The attraction and utility of this LLM lies in both its subject coverage and the range of transferable skills it promotes. It would be of benefit in many different practical settings and careers. It is suitable for students working or planning a career in policy, healthcare management, health regulation (including at local authority level), healthcare and social care providers, legal practice, public health, advocacy, NGOs, special interest groups or legal/policy research.

You will be taught by leading academics who combine internationally recognised research profiles with wide experience with organisations responsible for policy development, professional regulation and social advocacy. The programme includes core teaching in health law and governance, along with specialist units.

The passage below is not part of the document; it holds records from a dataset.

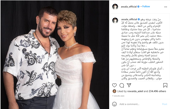 شاركت الفنانة أصالة جمهورها بصورة لها عبر موقع التغريدات  (توتير) جمعتها  بزوجها الشاعر فائق حسن، حيث بدت بمنتهى السعادة وهي بين أحضانه في لحظات رومانسية.
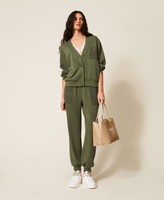 Hose aus Scuba aus Viskosemischung mit Ton-in-Ton Häkelapplikation an den Taschen. Modell im Joggers-Schnitt mit elastischem Bund, Eingrifftaschen und einem Herz-Logo aus Metall auf der Rückseite.
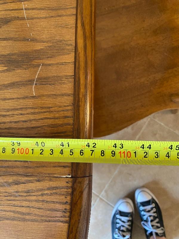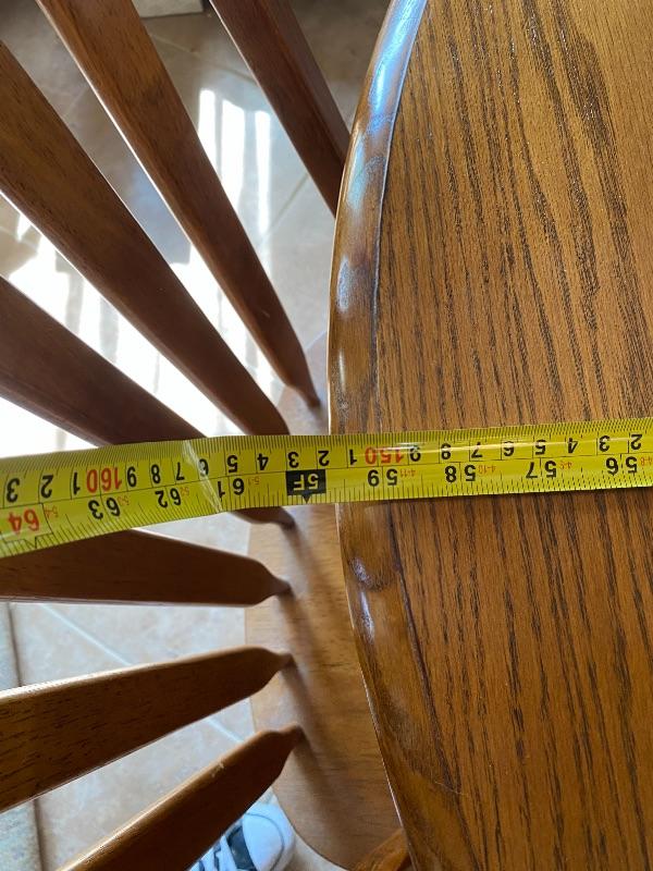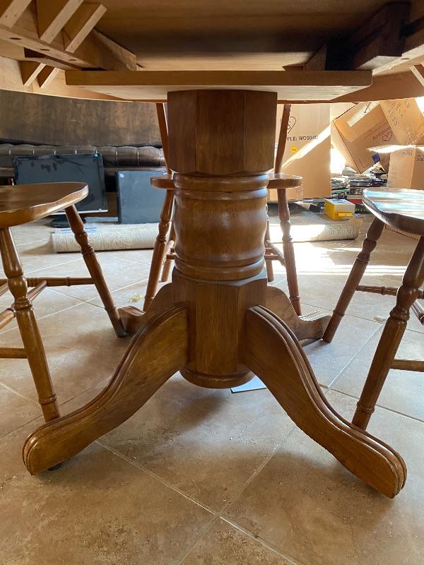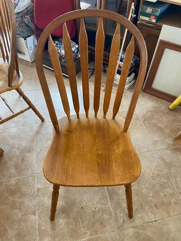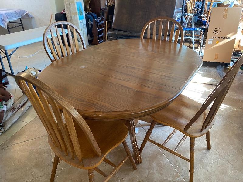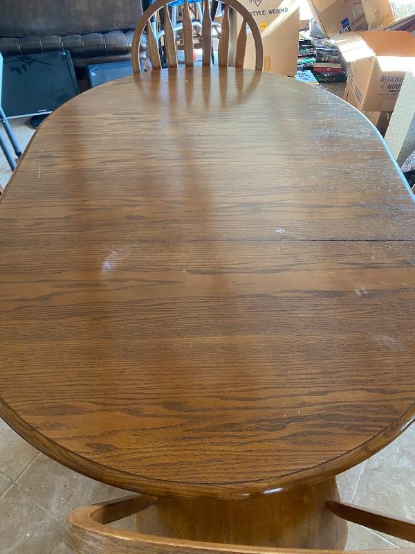 Oval oak dining room table with 4 chairs. good gently used condition. Table is expandable, but we have not found any leaves for it. Measures about 5' long.
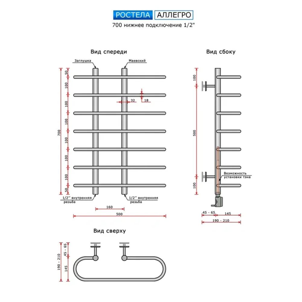 Полотенцесушитель водяной Ростела Аллегро 700 1/2" резьба
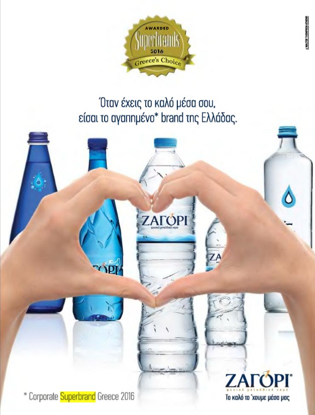 Η κορυφαία τιμητική διάκριση, μεταξύ 1.500 υποψήφιων Εταιρικών Επωνυμιών, με την επιλογή του νερού Ζαγόρι ως "Κορυφαία Εταιρική Επωνυμία στην Ελλάδα" για το 2016
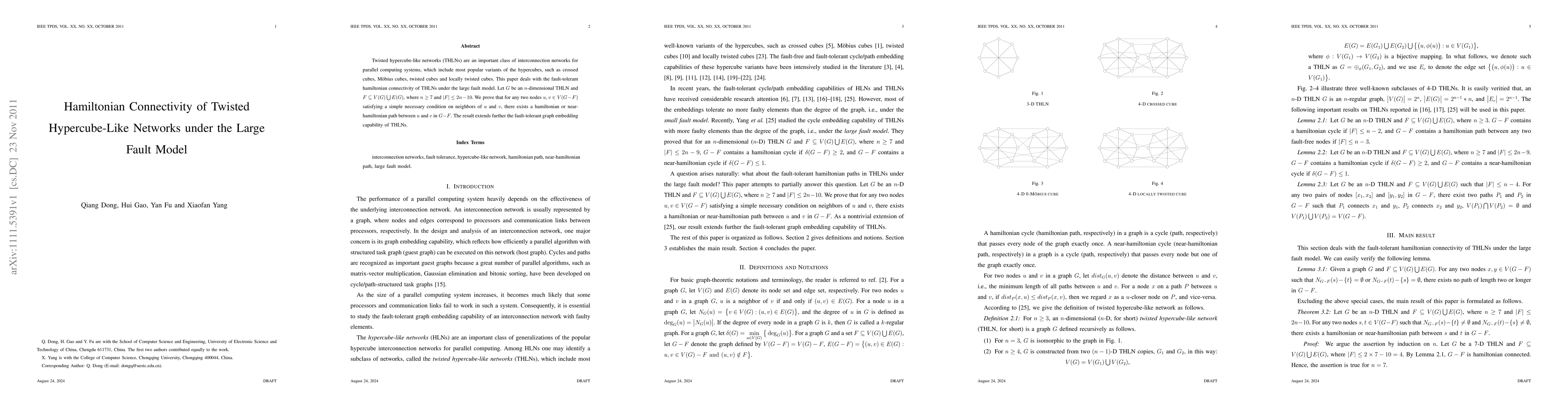 This paper proves that twisted hypercube-like networks (THLNs) maintain hamiltonian connectivity even under significant faults, with up to 2n-10 node or edge failures for n>=7. This extends their fault-tolerant graph embedding capabilities, ensuring reliable parallel computing.
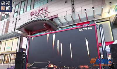 央视再次选用AET 0.7 8K MTM-FCOB显示屏直播展示各大商圈热闹景象,尽显消费市场生机。
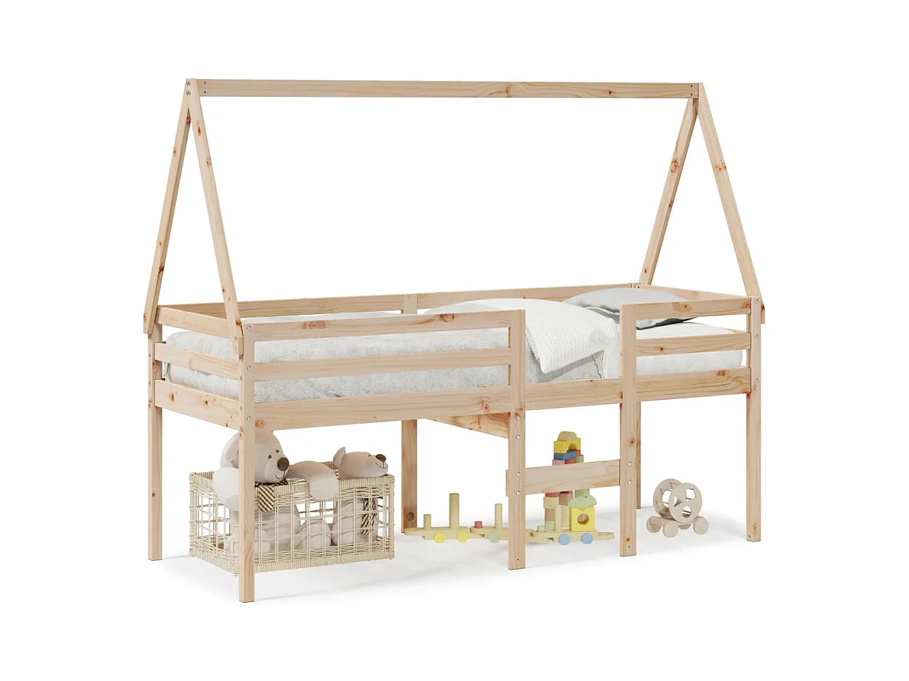 Lit haut avec toit 90x190 cm bois de pin massif FR44646
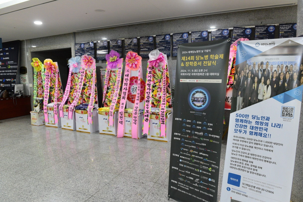 사단법인 대한당뇨병연합(이하 당뇨연합, 상임고문 양승조, 윤건호, 나성웅, 이사장 박호영)이 공식 주최한 ‘2024 세계 당뇨병의 날 기념식과 제14회 당뇨병 학술제 및 장학금 전달식’이 지난 11월 9일(토요일) 오후 2시 국회의사당 내 의원회관 대회의실에서 당뇨병환자와 가족부터 국회의원, 지자체장, 전문학회와 협회 대표 등 500여 명의 · 참석한 가운데 개최되었다.
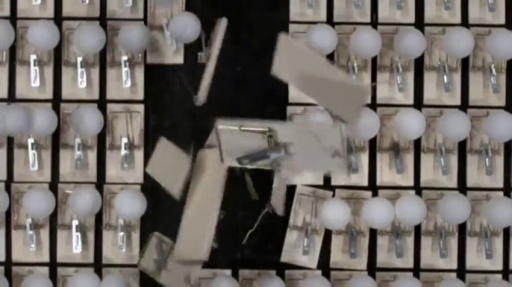 En las imágenes se ve como lanzan una pelota a una mesa llena de trampas para animales. Cuando las trampas están juntas, todas salen volando por los aires. Sin embargo, cuando hay una distancia entre unas y otras todo no sucede nada.

The University of Bristol Law School has a large and vibrant international student community and LLM students benefit from small class sizes taught by world-leading experts.

Programme structure

Students will take four units (120 credit points overall, 30 credit points each) and a compulsory dissertation (60 credit points). The units are made up of two compulsory core Health Law units, an optional specialist Health Law unit and an open choice of LLM unit.

Core units:
- Law, Governance, and Health
- Health Inequalities, Law and Society

Specialist Health Law units, one of which must be taken as part of the LLM*:

- Public and Global Health Law
- Law and Governance for Mental and Social Well-Being
- Health Law and the Body

The final option may be taken from the specialist Health Law units, or from any other LLM programme. These might include*:

- Law Gender and Sexuality
- Corporate Governance in the United Kingdom and United States
- Migration Law and Policy - International, European, and Human Rights Dimensions
- International Law and Human Rights
- Legal Perspectives on Sustainability
- Public Law

Careers

This programme develops specialist knowledge and understanding and transferable skills. Its content and approach to teaching and assessment supports diverse career paths in healthcare practice and management, health policy and regulation, healthcare provision, legal practice, public health practice, social advocacy (for example, in pressure groups or NGOs) and legal/policy research.

The LLM can be a starting point for careers in these fields, while also providing an appropriate programme of study for people already working in those areas.

This programme would be of interest to recent graduates in law, policy, politics and cognate fields, and of interest to anyone aiming to pursue a career in research.